TASK DETAILS: When the word "szivárvány" appears in a line of the data below, list that line.

INFORMATION:
################
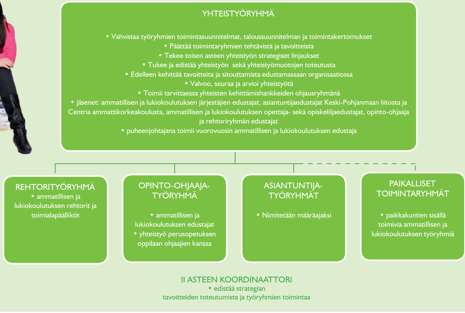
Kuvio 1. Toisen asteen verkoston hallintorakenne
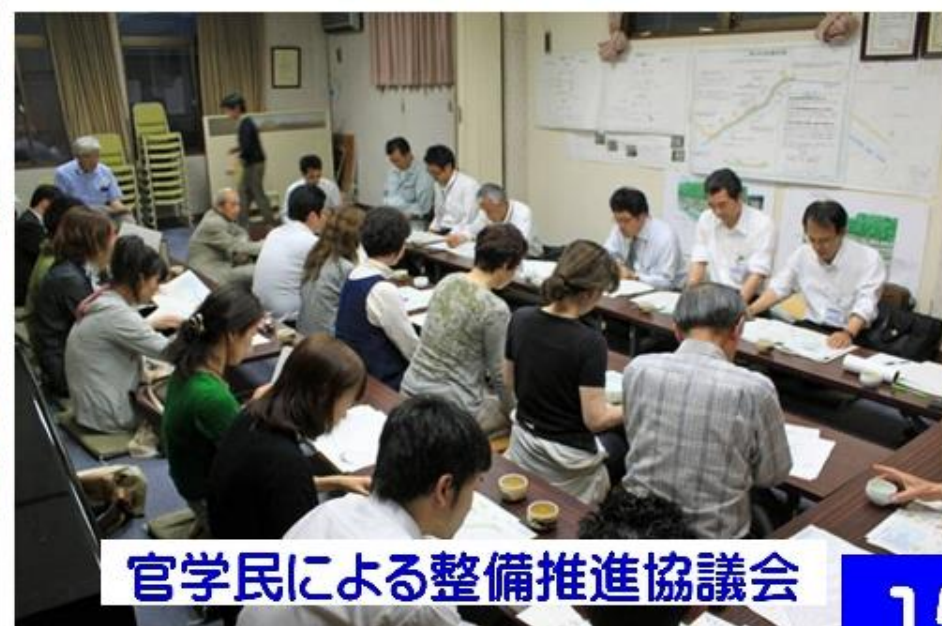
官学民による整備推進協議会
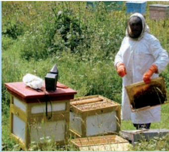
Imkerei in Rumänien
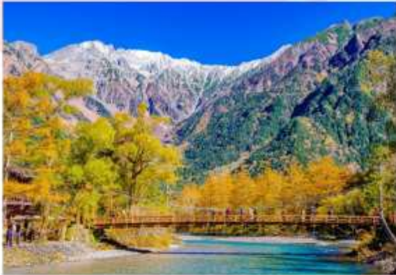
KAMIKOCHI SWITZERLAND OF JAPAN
################
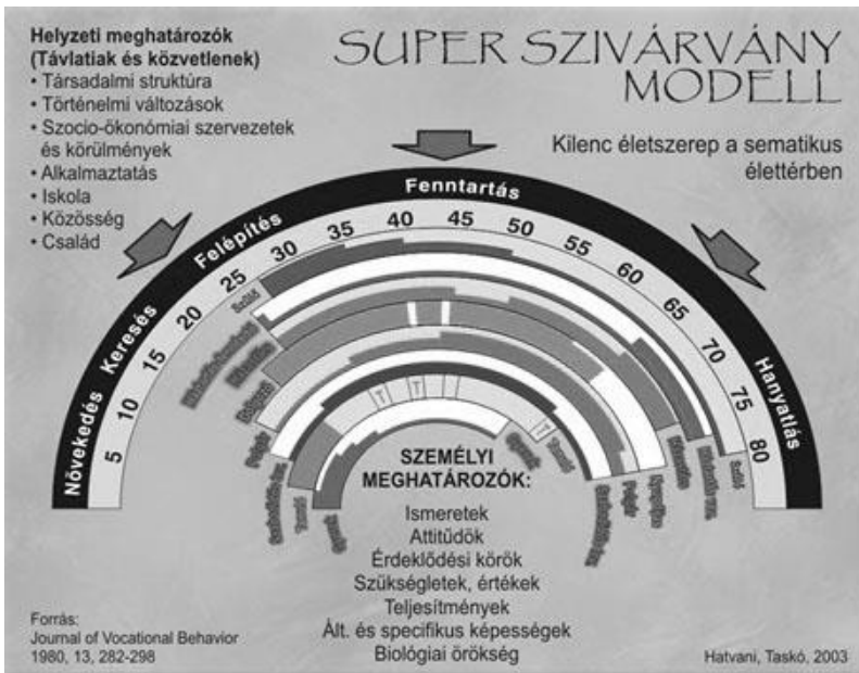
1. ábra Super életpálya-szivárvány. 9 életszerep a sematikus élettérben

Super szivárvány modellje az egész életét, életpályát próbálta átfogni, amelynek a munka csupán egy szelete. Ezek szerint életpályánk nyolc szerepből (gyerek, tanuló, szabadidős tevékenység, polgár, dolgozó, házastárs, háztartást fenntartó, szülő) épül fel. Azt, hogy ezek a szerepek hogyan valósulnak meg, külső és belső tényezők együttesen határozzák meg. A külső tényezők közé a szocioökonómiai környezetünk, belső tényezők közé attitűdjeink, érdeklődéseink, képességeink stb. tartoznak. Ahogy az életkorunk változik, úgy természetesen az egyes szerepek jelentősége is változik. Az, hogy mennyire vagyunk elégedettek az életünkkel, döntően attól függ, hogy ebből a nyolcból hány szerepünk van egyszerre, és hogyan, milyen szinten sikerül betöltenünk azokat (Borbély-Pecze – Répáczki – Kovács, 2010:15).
################
SOLVED PROBLEM:
1. ábra Super életpálya-szivárvány. 9 életszerep a sematikus élettérben
Super szivárvány modellje az egész életét, életpályát próbálta átfogni, amelynek a munka csupán egy szelete. Ezek szerint életpályánk nyolc szerepből (gyerek, tanuló, szabadidős tevékenység, polgár, dolgozó, házastárs, háztartást fenntartó, szülő) épül fel. Azt, hogy ezek a szerepek hogyan valósulnak meg, külső és belső tényezők együttesen határozzák meg. A külső tényezők közé a szocioökonómiai környezetünk, belső tényezők közé attitűdjeink, érdeklődéseink, képességeink stb. tartoznak. Ahogy az életkorunk változik, úgy természetesen az egyes szerepek jelentősége is változik. Az, hogy mennyire vagyunk elégedettek az életünkkel, döntően attól függ, hogy ebből a nyolcból hány szerepünk van egyszerre, és hogyan, milyen szinten sikerül betöltenünk azokat (Borbély-Pecze – Répáczki – Kovács, 2010:15).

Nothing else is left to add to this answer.